Retype each entry exactly. Skip any pictures.

• Data:
*-*-*

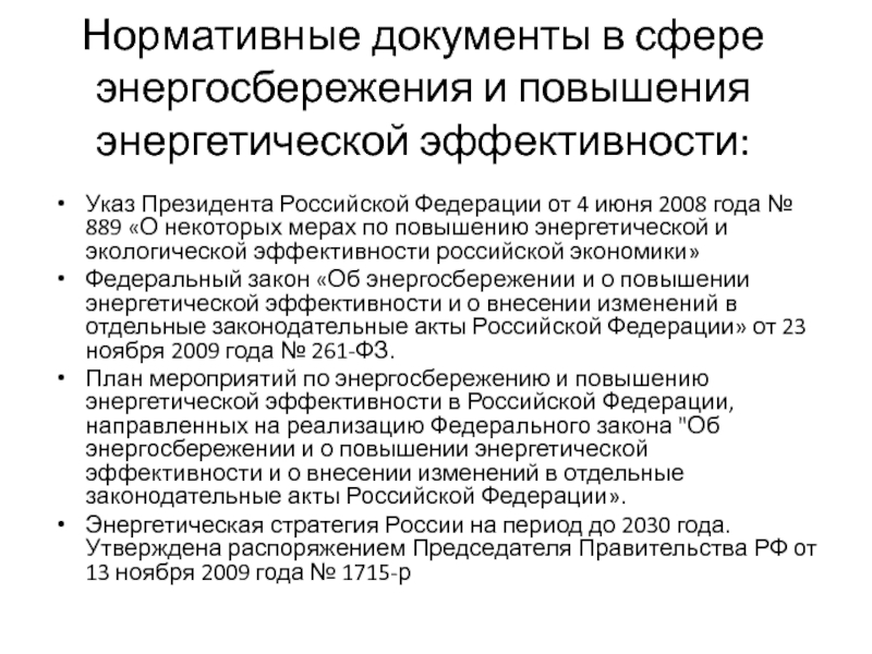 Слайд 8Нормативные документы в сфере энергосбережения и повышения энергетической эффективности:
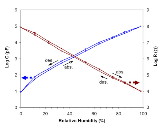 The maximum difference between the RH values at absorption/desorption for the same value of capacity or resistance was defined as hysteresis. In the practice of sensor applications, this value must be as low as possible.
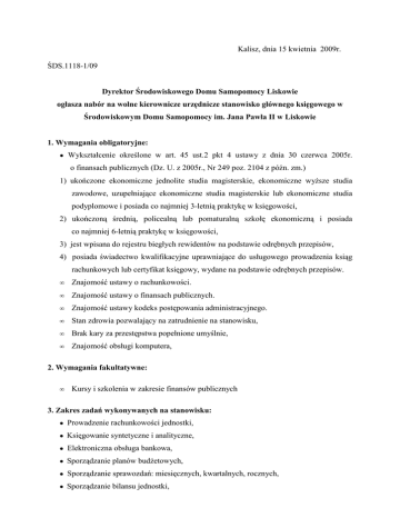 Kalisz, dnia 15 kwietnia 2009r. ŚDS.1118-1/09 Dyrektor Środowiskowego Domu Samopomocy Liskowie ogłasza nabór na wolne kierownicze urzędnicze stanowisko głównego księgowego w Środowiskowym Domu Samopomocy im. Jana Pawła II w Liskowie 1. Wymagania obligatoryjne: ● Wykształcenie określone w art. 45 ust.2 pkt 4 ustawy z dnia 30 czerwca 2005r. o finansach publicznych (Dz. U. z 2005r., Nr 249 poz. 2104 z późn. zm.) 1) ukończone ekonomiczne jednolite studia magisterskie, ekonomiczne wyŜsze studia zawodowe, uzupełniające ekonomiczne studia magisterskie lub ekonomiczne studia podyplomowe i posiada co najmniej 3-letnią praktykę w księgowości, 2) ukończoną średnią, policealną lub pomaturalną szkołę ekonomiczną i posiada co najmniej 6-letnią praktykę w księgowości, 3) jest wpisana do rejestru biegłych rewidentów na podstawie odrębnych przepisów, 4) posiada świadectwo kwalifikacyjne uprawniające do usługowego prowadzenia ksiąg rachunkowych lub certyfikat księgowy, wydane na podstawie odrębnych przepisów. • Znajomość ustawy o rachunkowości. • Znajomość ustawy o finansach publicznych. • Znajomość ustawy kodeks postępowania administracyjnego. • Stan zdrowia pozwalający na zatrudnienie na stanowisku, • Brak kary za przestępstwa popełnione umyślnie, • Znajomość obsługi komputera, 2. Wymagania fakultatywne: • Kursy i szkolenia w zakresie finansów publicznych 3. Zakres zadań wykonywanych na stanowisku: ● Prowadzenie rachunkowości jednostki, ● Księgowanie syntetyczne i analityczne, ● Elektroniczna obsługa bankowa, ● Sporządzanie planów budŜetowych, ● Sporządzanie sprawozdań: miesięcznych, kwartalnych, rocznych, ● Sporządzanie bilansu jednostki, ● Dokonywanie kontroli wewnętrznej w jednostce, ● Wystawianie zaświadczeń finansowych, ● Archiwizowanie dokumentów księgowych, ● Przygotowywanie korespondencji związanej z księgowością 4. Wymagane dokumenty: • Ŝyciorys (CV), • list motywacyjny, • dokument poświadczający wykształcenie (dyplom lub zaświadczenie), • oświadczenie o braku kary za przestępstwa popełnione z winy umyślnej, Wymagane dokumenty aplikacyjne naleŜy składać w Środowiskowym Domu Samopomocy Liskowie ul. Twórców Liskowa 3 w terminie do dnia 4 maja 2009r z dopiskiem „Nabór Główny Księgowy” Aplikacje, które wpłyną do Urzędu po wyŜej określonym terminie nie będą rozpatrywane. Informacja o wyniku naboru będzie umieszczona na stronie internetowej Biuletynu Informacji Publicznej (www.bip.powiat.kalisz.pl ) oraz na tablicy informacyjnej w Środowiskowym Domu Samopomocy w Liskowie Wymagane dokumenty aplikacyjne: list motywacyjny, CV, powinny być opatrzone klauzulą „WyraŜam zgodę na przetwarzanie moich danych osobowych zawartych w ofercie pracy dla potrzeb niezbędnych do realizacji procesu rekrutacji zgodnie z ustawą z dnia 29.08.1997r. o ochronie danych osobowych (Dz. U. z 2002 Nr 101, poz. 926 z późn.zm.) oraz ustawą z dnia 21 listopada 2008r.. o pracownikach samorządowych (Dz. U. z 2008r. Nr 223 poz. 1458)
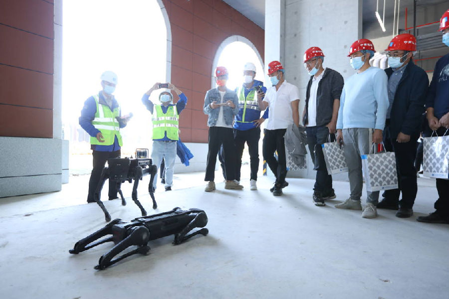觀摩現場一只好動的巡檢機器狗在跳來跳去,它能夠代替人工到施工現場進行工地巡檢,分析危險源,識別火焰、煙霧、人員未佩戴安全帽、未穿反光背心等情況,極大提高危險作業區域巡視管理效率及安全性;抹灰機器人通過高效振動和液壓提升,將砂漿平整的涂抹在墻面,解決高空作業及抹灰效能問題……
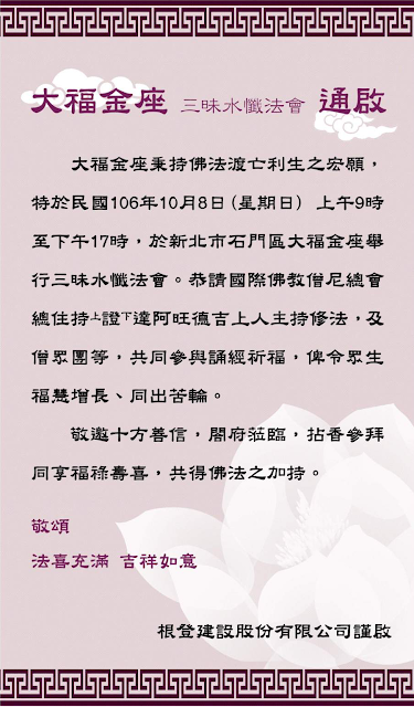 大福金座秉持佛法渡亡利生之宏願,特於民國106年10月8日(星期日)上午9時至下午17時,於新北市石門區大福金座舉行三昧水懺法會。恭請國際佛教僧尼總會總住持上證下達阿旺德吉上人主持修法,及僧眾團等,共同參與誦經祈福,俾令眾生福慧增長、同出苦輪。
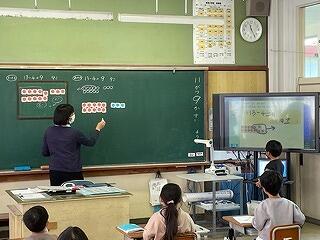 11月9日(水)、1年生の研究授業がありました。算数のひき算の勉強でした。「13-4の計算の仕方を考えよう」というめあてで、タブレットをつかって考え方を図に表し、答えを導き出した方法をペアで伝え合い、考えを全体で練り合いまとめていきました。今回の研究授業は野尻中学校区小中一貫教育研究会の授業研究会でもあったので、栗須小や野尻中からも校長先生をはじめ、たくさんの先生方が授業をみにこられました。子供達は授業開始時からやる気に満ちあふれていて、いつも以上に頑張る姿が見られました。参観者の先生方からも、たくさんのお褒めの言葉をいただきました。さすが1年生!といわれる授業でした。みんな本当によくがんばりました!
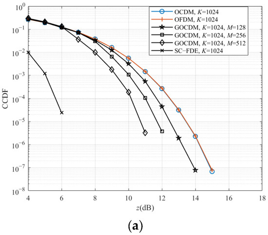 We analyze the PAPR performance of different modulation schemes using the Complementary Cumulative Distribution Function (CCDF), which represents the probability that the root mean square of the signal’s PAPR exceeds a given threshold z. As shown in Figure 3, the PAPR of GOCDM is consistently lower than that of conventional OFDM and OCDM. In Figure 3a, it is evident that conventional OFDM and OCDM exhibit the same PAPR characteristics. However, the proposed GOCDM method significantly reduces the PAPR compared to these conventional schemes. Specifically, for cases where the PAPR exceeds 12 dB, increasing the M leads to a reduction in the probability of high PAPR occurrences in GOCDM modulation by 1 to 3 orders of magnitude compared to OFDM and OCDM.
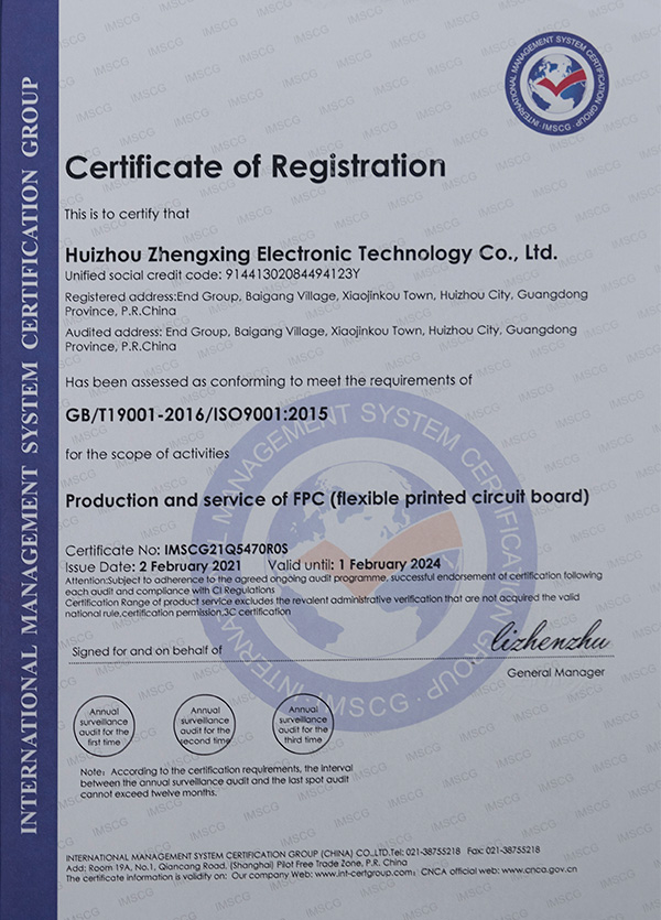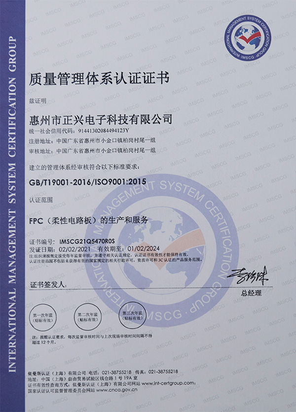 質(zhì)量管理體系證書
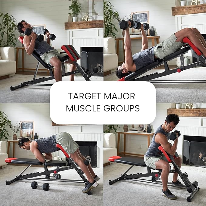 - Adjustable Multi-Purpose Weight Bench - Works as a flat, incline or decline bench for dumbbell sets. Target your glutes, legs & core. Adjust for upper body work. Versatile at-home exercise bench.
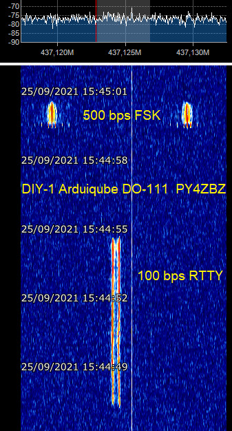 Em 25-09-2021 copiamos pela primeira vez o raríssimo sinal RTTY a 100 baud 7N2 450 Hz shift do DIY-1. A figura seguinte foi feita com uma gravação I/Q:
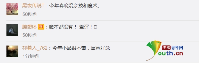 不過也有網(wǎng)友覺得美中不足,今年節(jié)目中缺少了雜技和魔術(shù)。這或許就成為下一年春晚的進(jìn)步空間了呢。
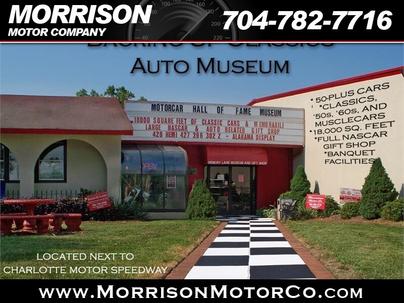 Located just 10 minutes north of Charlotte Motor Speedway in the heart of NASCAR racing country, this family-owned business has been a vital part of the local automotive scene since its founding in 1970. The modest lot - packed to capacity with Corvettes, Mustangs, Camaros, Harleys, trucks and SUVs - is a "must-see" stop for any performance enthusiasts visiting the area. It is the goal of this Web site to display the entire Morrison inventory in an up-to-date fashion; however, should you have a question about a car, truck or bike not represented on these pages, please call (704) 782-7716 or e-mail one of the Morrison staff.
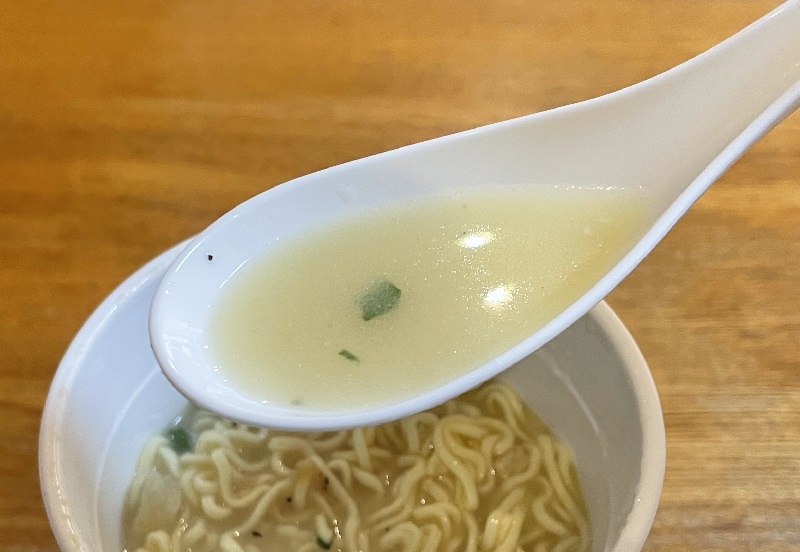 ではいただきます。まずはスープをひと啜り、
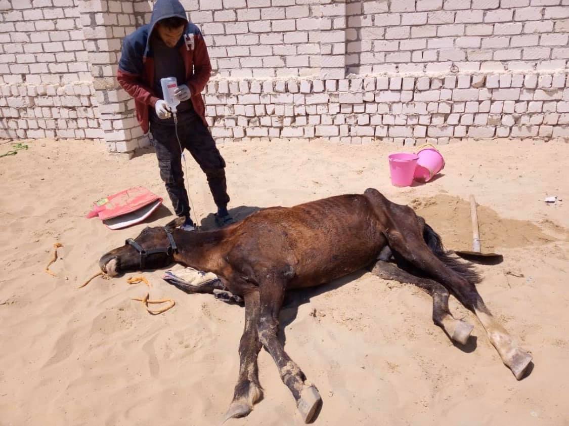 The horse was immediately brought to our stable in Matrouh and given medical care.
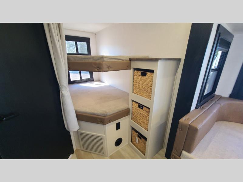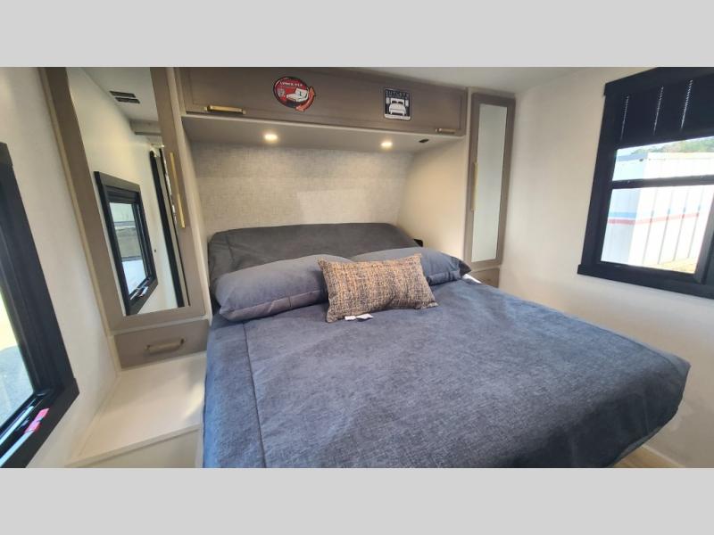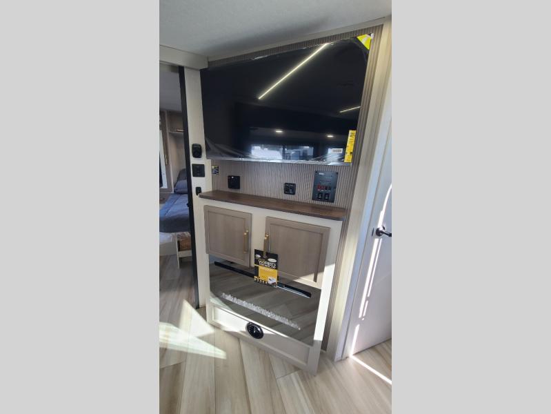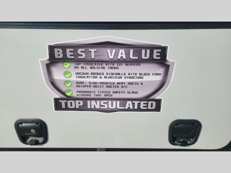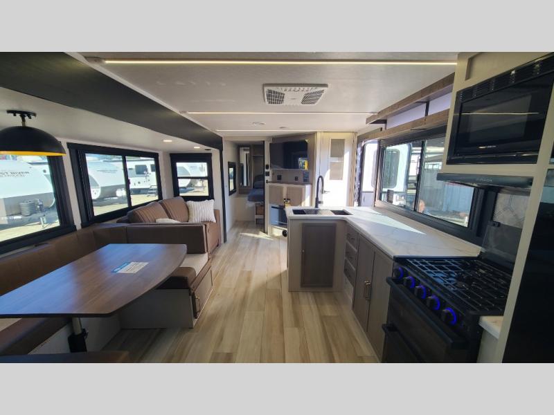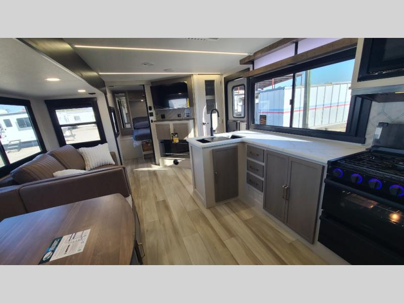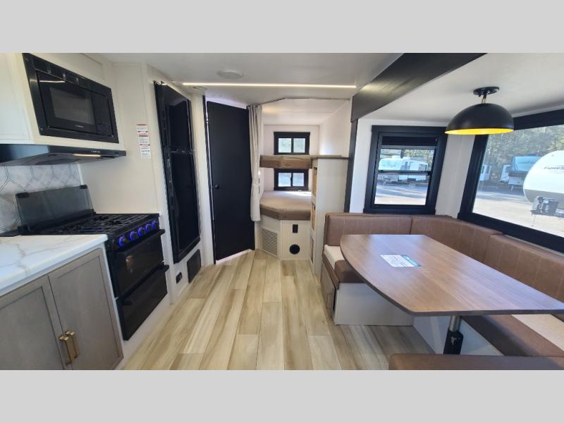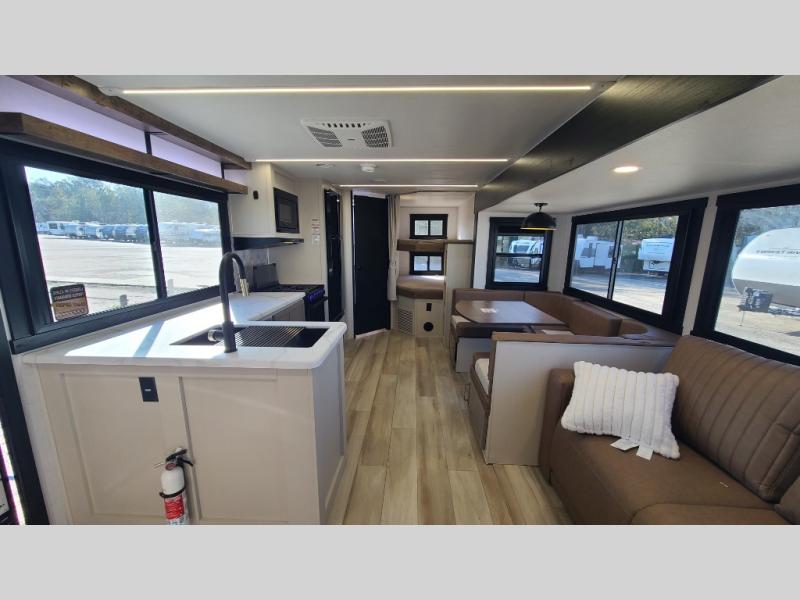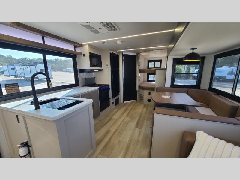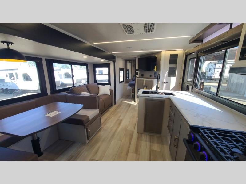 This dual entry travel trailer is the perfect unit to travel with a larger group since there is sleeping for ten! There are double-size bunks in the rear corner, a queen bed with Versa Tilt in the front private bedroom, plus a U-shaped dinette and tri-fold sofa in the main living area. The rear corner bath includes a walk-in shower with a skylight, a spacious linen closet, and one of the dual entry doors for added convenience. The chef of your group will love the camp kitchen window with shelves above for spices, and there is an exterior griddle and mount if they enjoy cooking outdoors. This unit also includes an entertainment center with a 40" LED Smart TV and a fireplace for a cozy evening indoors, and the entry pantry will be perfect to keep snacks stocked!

*-*-*

• Reply to the task:
 Слайд 8Нормативные документы в сфере энергосбережения и повышения энергетической эффективности:
 The maximum difference between the RH values at absorption/desorption for the same value of capacity or resistance was defined as hysteresis. In the practice of sensor applications, this value must be as low as possible.
 Kalisz, dnia 15 kwietnia 2009r. ŚDS.1118-1/09 Dyrektor Środowiskowego Domu Samopomocy Liskowie ogłasza nabór na wolne kierownicze urzędnicze stanowisko głównego księgowego w Środowiskowym Domu Samopomocy im. Jana Pawła II w Liskowie 1. Wymagania obligatoryjne: ● Wykształcenie określone w art. 45 ust.2 pkt 4 ustawy z dnia 30 czerwca 2005r. o finansach publicznych (Dz. U. z 2005r., Nr 249 poz. 2104 z późn. zm.) 1) ukończone ekonomiczne jednolite studia magisterskie, ekonomiczne wyŜsze studia zawodowe, uzupełniające ekonomiczne studia magisterskie lub ekonomiczne studia podyplomowe i posiada co najmniej 3-letnią praktykę w księgowości, 2) ukończoną średnią, policealną lub pomaturalną szkołę ekonomiczną i posiada co najmniej 6-letnią praktykę w księgowości, 3) jest wpisana do rejestru biegłych rewidentów na podstawie odrębnych przepisów, 4) posiada świadectwo kwalifikacyjne uprawniające do usługowego prowadzenia ksiąg rachunkowych lub certyfikat księgowy, wydane na podstawie odrębnych przepisów. • Znajomość ustawy o rachunkowości. • Znajomość ustawy o finansach publicznych. • Znajomość ustawy kodeks postępowania administracyjnego. • Stan zdrowia pozwalający na zatrudnienie na stanowisku, • Brak kary za przestępstwa popełnione umyślnie, • Znajomość obsługi komputera, 2. Wymagania fakultatywne: • Kursy i szkolenia w zakresie finansów publicznych 3. Zakres zadań wykonywanych na stanowisku: ● Prowadzenie rachunkowości jednostki, ● Księgowanie syntetyczne i analityczne, ● Elektroniczna obsługa bankowa, ● Sporządzanie planów budŜetowych, ● Sporządzanie sprawozdań: miesięcznych, kwartalnych, rocznych, ● Sporządzanie bilansu jednostki, ● Dokonywanie kontroli wewnętrznej w jednostce, ● Wystawianie zaświadczeń finansowych, ● Archiwizowanie dokumentów księgowych, ● Przygotowywanie korespondencji związanej z księgowością 4. Wymagane dokumenty: • Ŝyciorys (CV), • list motywacyjny, • dokument poświadczający wykształcenie (dyplom lub zaświadczenie), • oświadczenie o braku kary za przestępstwa popełnione z winy umyślnej, Wymagane dokumenty aplikacyjne naleŜy składać w Środowiskowym Domu Samopomocy Liskowie ul. Twórców Liskowa 3 w terminie do dnia 4 maja 2009r z dopiskiem „Nabór Główny Księgowy” Aplikacje, które wpłyną do Urzędu po wyŜej określonym terminie nie będą rozpatrywane. Informacja o wyniku naboru będzie umieszczona na stronie internetowej Biuletynu Informacji Publicznej (www.bip.powiat.kalisz.pl ) oraz na tablicy informacyjnej w Środowiskowym Domu Samopomocy w Liskowie Wymagane dokumenty aplikacyjne: list motywacyjny, CV, powinny być opatrzone klauzulą „WyraŜam zgodę na przetwarzanie moich danych osobowych zawartych w ofercie pracy dla potrzeb niezbędnych do realizacji procesu rekrutacji zgodnie z ustawą z dnia 29.08.1997r. o ochronie danych osobowych (Dz. U. z 2002 Nr 101, poz. 926 z późn.zm.) oraz ustawą z dnia 21 listopada 2008r.. o pracownikach samorządowych (Dz. U. z 2008r. Nr 223 poz. 1458)
觀摩現場一只好動的巡檢機器狗在跳來跳去,它能夠代替人工到施工現場進行工地巡檢,分析危險源,識別火焰、煙霧、人員未佩戴安全帽、未穿反光背心等情況,極大提高危險作業區域巡視管理效率及安全性;抹灰機器人通過高效振動和液壓提升,將砂漿平整的涂抹在墻面,解決高空作業及抹灰效能問題……
 大福金座秉持佛法渡亡利生之宏願,特於民國106年10月8日(星期日)上午9時至下午17時,於新北市石門區大福金座舉行三昧水懺法會。恭請國際佛教僧尼總會總住持上證下達阿旺德吉上人主持修法,及僧眾團等,共同參與誦經祈福,俾令眾生福慧增長、同出苦輪。
 11月9日(水)、1年生の研究授業がありました。算数のひき算の勉強でした。「13-4の計算の仕方を考えよう」というめあてで、タブレットをつかって考え方を図に表し、答えを導き出した方法をペアで伝え合い、考えを全体で練り合いまとめていきました。今回の研究授業は野尻中学校区小中一貫教育研究会の授業研究会でもあったので、栗須小や野尻中からも校長先生をはじめ、たくさんの先生方が授業をみにこられました。子供達は授業開始時からやる気に満ちあふれていて、いつも以上に頑張る姿が見られました。参観者の先生方からも、たくさんのお褒めの言葉をいただきました。さすが1年生!といわれる授業でした。みんな本当によくがんばりました!
 We analyze the PAPR performance of different modulation schemes using the Complementary Cumulative Distribution Function (CCDF), which represents the probability that the root mean square of the signal’s PAPR exceeds a given threshold z. As shown in Figure 3, the PAPR of GOCDM is consistently lower than that of conventional OFDM and OCDM. In Figure 3a, it is evident that conventional OFDM and OCDM exhibit the same PAPR characteristics. However, the proposed GOCDM method significantly reduces the PAPR compared to these conventional schemes. Specifically, for cases where the PAPR exceeds 12 dB, increasing the M leads to a reduction in the probability of high PAPR occurrences in GOCDM modulation by 1 to 3 orders of magnitude compared to OFDM and OCDM.
 質(zhì)量管理體系證書
 - Adjustable Multi-Purpose Weight Bench - Works as a flat, incline or decline bench for dumbbell sets. Target your glutes, legs & core. Adjust for upper body work. Versatile at-home exercise bench.
 Em 25-09-2021 copiamos pela primeira vez o raríssimo sinal RTTY a 100 baud 7N2 450 Hz shift do DIY-1. A figura seguinte foi feita com uma gravação I/Q:
 不過也有網(wǎng)友覺得美中不足,今年節(jié)目中缺少了雜技和魔術(shù)。這或許就成為下一年春晚的進(jìn)步空間了呢。
 Located just 10 minutes north of Charlotte Motor Speedway in the heart of NASCAR racing country, this family-owned business has been a vital part of the local automotive scene since its founding in 1970. The modest lot - packed to capacity with Corvettes, Mustangs, Camaros, Harleys, trucks and SUVs - is a "must-see" stop for any performance enthusiasts visiting the area. It is the goal of this Web site to display the entire Morrison inventory in an up-to-date fashion; however, should you have a question about a car, truck or bike not represented on these pages, please call (704) 782-7716 or e-mail one of the Morrison staff.
 ではいただきます。まずはスープをひと啜り、
 The horse was immediately brought to our stable in Matrouh and given medical care.
 This dual entry travel trailer is the perfect unit to travel with a larger group since there is sleeping for ten! There are double-size bunks in the rear corner, a queen bed with Versa Tilt in the front private bedroom, plus a U-shaped dinette and tri-fold sofa in the main living area. The rear corner bath includes a walk-in shower with a skylight, a spacious linen closet, and one of the dual entry doors for added convenience. The chef of your group will love the camp kitchen window with shelves above for spices, and there is an exterior griddle and mount if they enjoy cooking outdoors. This unit also includes an entertainment center with a 40" LED Smart TV and a fireplace for a cozy evening indoors, and the entry pantry will be perfect to keep snacks stocked!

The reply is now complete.